Cross-Talk between N6-Methyladenosine and Their Related RNAs Defined a Signature and Confirmed m6A Regulators for Diagnosis of Endometriosis

Round 1

Reviewer 1 Report

The manuscript is complete and well presented. The findings are significant for the diagnosis of endometriosis. Before publication, here are a few minor suggestions:

 

1. For Figure 3G and Figure 5F, it is not clear how the coefficiency represented by the darkness of the edge.

2. There is a discrepancy in the description of Figure 8B on line 389 in the context and the figure.

3. In Figure 8A, the authors demonstrated a decreased level of m6A in ectopic and eutopic tissues compared to normal tissue. Additionally, the authors showed a decreased m6A writer METTL3 level in ectopic and eutopic tissues. It would be interesting to determine if the increase of the eraser FTO can be validated.

4. It would be interesting to validate the expression changes in RNA/protein levels of some of the m6A interacting genes found in this paper, such as SCG2 and GPC3, by knocking out METTL3, YTHDF2, and FTO. This would provide strong evidence to demonstrate that m6A regulators may affect the development of endometriosis by regulating the expression of key genes through the regulation of m6A levels.

Author Response

Dear editors and reviewers,

I’m writing to thank you very much for returning to us the reviews of our manuscript entitled “Cross-Talk Between n6-Methyladenosine and Their Related RNAs Defined a Signature and Confirmed m6A Regulators for Diagnosis of Endometriosis” (ID: ijms-2134749). This paper was submitted to your journal on the 16 December 2022. We very much appreciate all of the comments received in review.

We have studied the comments carefully and have made revision marked in red accordingly. The main corrections in the paper and the responds to the reviewer’s comments are as follow profile.

Once again, thank you very much for your serious review and constructive comments which would help us both in English and in depth to improve the quality of the paper.

Kind regards,

Xiaotong Wang, Guangmei Zhang

Author Response File: Author Response.docx

Reviewer 2 Report

1.The abstract of the article is not clearly described in many places and only states the methods used and the biological implications they represent are lacking, For example,

a.

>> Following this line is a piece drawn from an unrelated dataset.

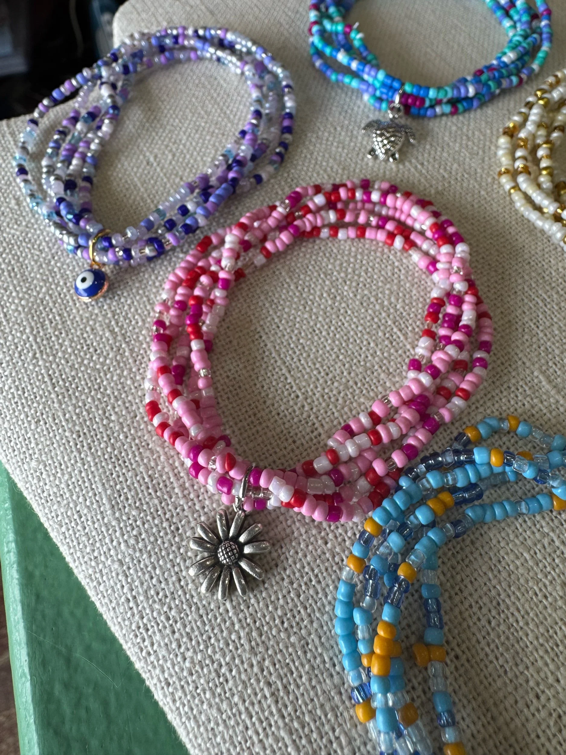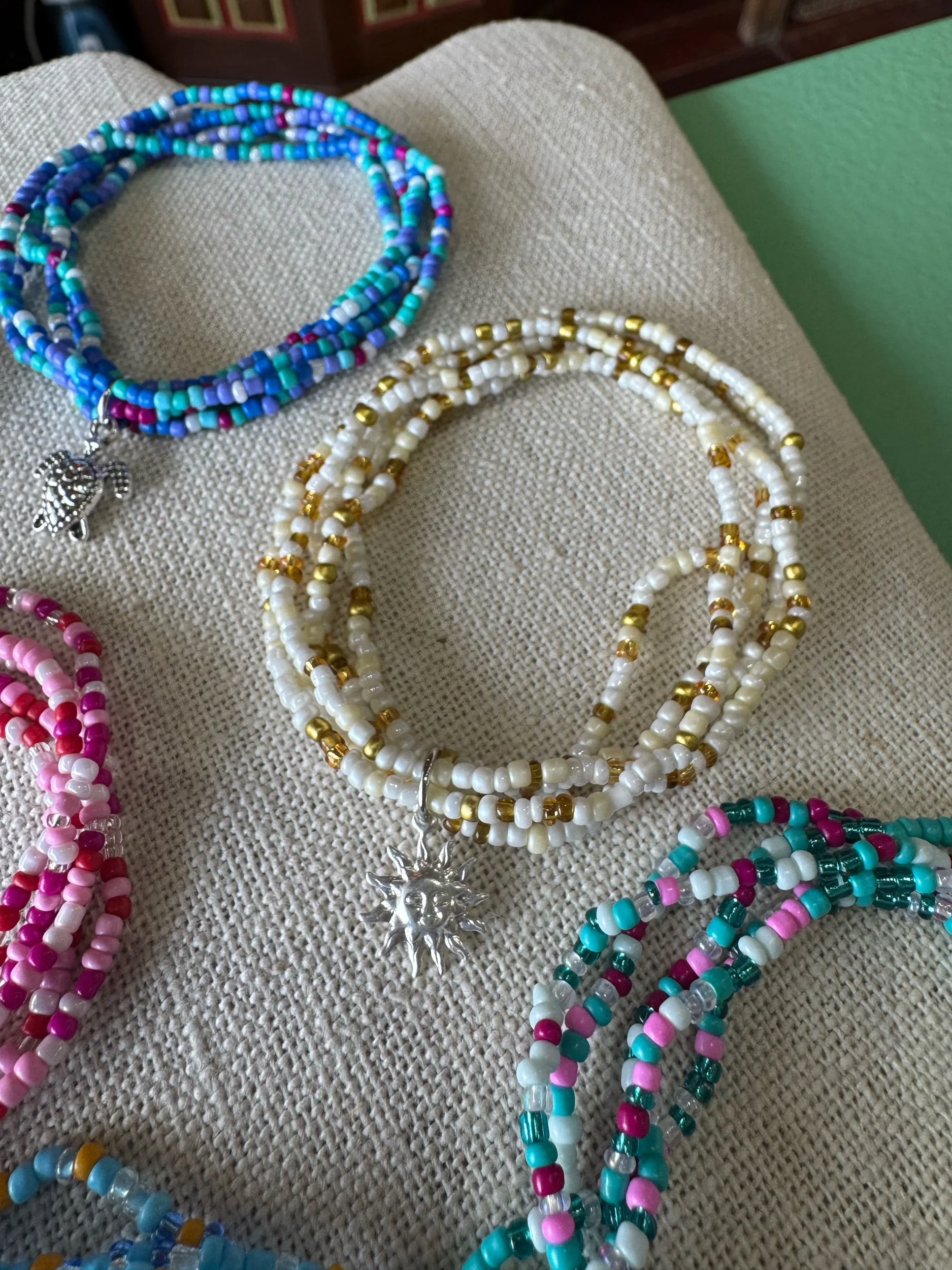 Shop Dreaming of the beach stacked bracelets $13.00 Blue Apatite Cube Necklace $65.00 Blue Apatite Coin Necklace $46.00 Chucky Pearl Blue Apatite $60.00 Sold Out Blue Apatite stacker necklaces $47.00 Blue Apatite and Fresh water pearls $50.00 Blue Apatite Bracelets $28.00 Melt Ice bracelet $6.00 Too Bright to be ignored collection from $35.00 Valentines Necklaces from $27.00 Heart Earrings $15.00 Valentines stacking bracelets from $13.00 Satin Bandana Scarf Charm Necklace $35.00 The Rat necklace 🐀 $40.00 Assorted Findings - Finishing Clasps & Crimp Beads $10.00 Jewelry Pliers Set $42.00 Signature Gemstone Necklace $45.00 Themed Bracelet Making Kit $8.00 Stretch Magic Beading Cord $6.00 Jeweler's Wire $22.00 Crimping Beads $6.00 Crimper Pliers $13.00 Bent-Nose Pliers $13.00 Round-Nose Pliers $12.00 Flush Cutters $12.00 Needle-Nose Pliers $14.00 Felt Beading Board $13.00 Beaded Glasses Holder Kit $25.00 Phone Charm Kit $10.00 Key Chain Kit $10.00 Gift Card from $25.00

In page1 line 13, “remarkable chosen by PageRank method”. The PageRank algorithm is a network-based method for ranking the importance of nodes, and in this study the algorithm is applied to what network. The current statement is confusing，

b.Which features to perform k-mean clustering analysis based on need to be clearly stated in the abstract, is it lncRNA, mRNA or m6A?

c. What kind of results did Cibersort get.

d.What features were used for the construction of the m6A correlation risk model

The abstract is not sufficient to reflect the methodology of the study and the results obtained and could be recondensed.

2. In Figure1, step2 Indentify key m6A regulation. PageRank is before PPI, is there a process order error here? PageRank does not appear in the results, so what results are obtained by remarkable chosen based on PageRank.

3. What was the basis for the choice of age in Table1, using 35 as the cut-off point?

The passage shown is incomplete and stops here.